Sunday, December 23, 2018

One Solitary Life

It's been a busy missionary transfer week this week. Along with the normal companionship changes every six weeks, we've said sad good-byes to those who've completed their missions and welcomed a shiny new group of elders and sisters fresh from the MTC. And the work moves forward.

Now, as we inch closer and closer to Christmas Day this year, our preparations are turning our hearts to the real reason we celebrate. Amidst all the hustle and bustle, the to-do lists, the holiday food, the music and performances, the parties and gatherings, and the gift buying/giving, gentle reminders emerge here and there that it was all originally designed to celebrate and give honor to our Lord and Savior, Jesus Christ.

Many years ago, as a young teenager, I remember reading a simple tribute that, to me, said it all. I think I may have originally read it in the Reader's Digest. It's only a few paragraphs long, but it speaks volumes. Dr. James Allan Francis, a Baptist pastor in Los Angeles, wrote and presented it as part of his Sunday sermon sometime during 1926. It is as true today as it was then.




ONE SOLITARY LIFE

"Here is a man who was born in an obscure village, the child of a peasant woman. He grew up in another village. He worked in a carpenter shop until He was thirty. Then, for three years, He was an itinerant preacher.

"He never owned a home. He never wrote a book. He never held an office. He never had a family. He never went to college. He never put His foot inside a big city. He never traveled two hundred miles from the place He was born. He never did one of the things that usually accompany greatness. He had no credentials but Himself....

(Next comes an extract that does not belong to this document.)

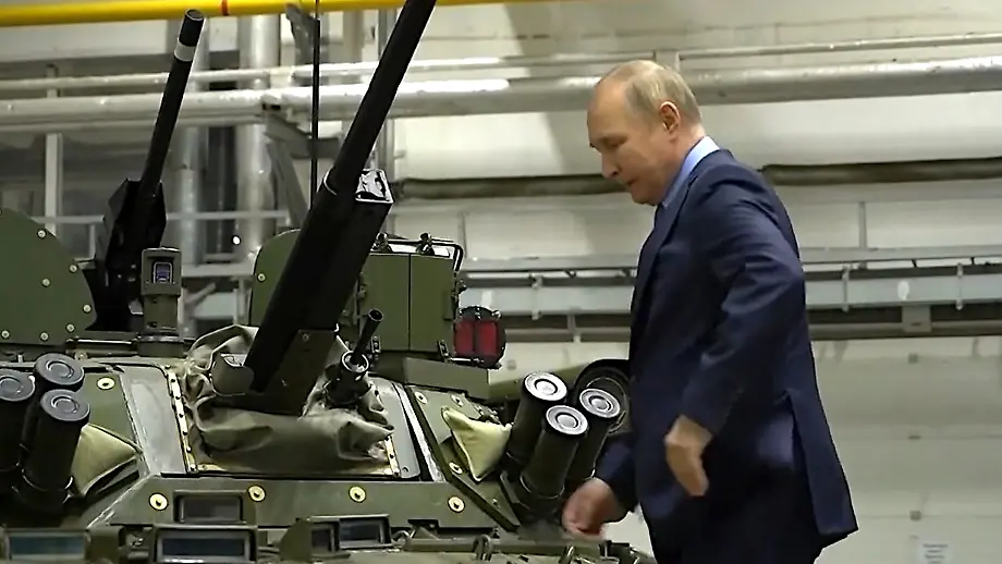 In einer Werkshalle kletterte Putin auf einen auf Hochglanz polierten Panzer, wie ein Video zeigt. Der russische Präsident nutzte dafür ein bereitstehendes Treppchen und hielt sehr auffällig eine Hand in der Anzugtasche. Seine Inspektion des Panzers wirkte hastig und fahrig. Putin forderte, bei der Produktion von Waffen die "bisherigen Kampferfahrungen" einfließen zu lassen. Er vermied jeden Hinweis darauf, wo diese "Kampferfahrungen" gesammelt wurden.

"While still a young man, the tide of popular opinion turned against Him. His friends ran away. One of them denied Him. He was turned over to His enemies. He went through the mockery of a trial. He was nailed upon a cross between two thieves. While He was dying, His executioners gambled for the only piece of property He had on earth - His coat. When He was dead, He was laid in a borrowed grave through the pity of a friend.

"Nineteen [now twenty] long centuries have come and gone, and today He is a centerpiece of the human race and leader of the column of progress.

"I am far within the mark when I say that all the armies that ever marched, all the navies that were ever built; all the parliaments that ever sat and all the kings that ever reigned, put together, have not affected the life of man upon this earth as powerfully as has that One Solitary Life."



He is the Lord of lords, the King of kings, and the Savior and Redeemer of all the world. He is Jesus Christ. It is through Him, His sacrifice and His atonement for our sins that we have the hope and promise that we can return to live with Him and with God again one day, in love and peace - forever.